_WHAT TO DO_:
Below are the records; copy exactly the stretch from the line containing "The condition of" through the line containing "The plumbing kit", both ends included, and nothing else.
==== EXERCISE INPUTS
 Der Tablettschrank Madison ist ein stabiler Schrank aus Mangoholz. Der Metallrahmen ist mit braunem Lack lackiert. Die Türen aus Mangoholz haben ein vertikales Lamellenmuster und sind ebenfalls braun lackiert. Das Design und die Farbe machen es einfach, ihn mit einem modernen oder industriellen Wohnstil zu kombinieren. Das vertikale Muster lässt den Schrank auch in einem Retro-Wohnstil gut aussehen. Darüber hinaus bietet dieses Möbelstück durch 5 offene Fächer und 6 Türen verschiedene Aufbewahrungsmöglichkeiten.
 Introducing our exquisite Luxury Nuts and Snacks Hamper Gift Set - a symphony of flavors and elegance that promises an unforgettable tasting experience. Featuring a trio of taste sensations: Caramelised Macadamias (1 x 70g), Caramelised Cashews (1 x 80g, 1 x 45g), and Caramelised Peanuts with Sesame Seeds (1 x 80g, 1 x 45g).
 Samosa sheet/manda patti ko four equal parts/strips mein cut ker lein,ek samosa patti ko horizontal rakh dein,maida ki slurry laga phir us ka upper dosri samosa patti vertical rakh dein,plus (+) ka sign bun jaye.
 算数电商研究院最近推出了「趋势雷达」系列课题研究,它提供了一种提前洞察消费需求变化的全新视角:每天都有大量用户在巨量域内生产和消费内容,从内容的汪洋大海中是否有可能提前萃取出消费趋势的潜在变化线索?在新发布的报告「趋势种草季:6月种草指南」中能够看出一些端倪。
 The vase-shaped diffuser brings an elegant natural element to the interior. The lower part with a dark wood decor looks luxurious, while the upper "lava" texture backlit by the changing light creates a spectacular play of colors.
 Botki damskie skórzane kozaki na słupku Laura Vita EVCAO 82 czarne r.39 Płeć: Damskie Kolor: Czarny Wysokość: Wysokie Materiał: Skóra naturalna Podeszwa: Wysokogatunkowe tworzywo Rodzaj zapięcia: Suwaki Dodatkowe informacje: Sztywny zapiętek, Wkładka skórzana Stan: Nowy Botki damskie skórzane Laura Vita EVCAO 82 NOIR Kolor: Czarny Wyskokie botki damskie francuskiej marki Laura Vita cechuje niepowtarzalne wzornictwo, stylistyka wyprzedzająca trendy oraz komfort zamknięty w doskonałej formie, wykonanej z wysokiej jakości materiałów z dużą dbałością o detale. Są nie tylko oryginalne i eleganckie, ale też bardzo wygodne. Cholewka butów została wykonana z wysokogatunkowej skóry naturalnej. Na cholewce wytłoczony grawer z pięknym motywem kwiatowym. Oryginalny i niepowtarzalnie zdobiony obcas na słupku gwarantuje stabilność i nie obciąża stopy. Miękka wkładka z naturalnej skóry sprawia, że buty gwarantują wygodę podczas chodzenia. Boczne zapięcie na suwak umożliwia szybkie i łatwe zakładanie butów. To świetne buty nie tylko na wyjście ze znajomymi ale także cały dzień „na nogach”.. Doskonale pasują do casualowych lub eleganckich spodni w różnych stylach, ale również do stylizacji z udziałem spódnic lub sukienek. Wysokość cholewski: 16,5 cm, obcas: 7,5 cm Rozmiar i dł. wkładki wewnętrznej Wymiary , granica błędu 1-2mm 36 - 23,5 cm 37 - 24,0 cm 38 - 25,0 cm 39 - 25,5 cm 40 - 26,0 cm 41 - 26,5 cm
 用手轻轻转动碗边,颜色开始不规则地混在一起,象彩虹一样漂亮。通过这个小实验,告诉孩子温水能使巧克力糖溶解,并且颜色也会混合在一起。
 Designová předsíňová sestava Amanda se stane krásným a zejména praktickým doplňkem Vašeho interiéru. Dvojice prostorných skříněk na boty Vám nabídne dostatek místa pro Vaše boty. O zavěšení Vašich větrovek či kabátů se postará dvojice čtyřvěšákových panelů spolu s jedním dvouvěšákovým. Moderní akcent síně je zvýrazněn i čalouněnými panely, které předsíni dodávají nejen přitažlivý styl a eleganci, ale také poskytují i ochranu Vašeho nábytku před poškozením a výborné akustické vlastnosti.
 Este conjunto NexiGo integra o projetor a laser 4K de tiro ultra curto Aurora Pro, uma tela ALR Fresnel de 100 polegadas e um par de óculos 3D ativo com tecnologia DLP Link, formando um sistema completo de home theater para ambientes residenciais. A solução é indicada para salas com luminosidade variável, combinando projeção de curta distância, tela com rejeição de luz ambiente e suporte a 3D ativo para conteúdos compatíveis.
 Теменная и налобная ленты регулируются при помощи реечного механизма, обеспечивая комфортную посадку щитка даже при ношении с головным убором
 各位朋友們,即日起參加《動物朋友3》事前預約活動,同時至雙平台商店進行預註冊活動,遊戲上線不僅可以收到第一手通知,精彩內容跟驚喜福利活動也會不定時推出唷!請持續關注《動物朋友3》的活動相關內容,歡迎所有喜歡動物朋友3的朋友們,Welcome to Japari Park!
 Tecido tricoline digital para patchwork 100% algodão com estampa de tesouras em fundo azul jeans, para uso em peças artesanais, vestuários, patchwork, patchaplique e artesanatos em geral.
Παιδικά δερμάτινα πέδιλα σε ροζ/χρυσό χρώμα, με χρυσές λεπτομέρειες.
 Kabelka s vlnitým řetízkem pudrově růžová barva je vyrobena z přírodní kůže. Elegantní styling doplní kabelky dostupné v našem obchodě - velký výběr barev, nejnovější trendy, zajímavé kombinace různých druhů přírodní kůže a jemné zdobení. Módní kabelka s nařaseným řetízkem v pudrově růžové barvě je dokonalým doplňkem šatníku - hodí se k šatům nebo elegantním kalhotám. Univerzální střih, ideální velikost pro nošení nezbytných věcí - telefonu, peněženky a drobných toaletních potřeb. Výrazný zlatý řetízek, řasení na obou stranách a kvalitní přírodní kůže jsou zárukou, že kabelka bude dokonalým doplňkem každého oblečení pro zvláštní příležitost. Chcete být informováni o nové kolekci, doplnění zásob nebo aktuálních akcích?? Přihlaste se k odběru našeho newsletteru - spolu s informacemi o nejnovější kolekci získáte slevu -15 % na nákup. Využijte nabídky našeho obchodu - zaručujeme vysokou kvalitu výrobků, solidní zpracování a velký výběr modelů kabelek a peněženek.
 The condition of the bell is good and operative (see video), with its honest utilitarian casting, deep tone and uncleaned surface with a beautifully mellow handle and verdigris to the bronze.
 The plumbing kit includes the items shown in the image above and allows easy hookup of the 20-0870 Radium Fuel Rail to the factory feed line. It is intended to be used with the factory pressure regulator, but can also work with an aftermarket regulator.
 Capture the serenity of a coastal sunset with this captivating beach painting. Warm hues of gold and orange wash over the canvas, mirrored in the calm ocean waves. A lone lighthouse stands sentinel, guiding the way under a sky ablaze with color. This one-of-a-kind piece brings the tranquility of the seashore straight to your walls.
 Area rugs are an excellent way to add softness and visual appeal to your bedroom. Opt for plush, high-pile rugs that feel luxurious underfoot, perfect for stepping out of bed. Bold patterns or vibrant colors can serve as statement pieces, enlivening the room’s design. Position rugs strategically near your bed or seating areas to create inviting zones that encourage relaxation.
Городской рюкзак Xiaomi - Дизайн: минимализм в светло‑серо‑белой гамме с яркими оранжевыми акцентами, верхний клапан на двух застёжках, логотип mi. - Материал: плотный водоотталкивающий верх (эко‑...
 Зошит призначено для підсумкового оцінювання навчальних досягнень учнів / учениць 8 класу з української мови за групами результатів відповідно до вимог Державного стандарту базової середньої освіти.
========
_REPLY_:
 The condition of the bell is good and operative (see video), with its honest utilitarian casting, deep tone and uncleaned surface with a beautifully mellow handle and verdigris to the bronze.
 The plumbing kit includes the items shown in the image above and allows easy hookup of the 20-0870 Radium Fuel Rail to the factory feed line. It is intended to be used with the factory pressure regulator, but can also work with an aftermarket regulator.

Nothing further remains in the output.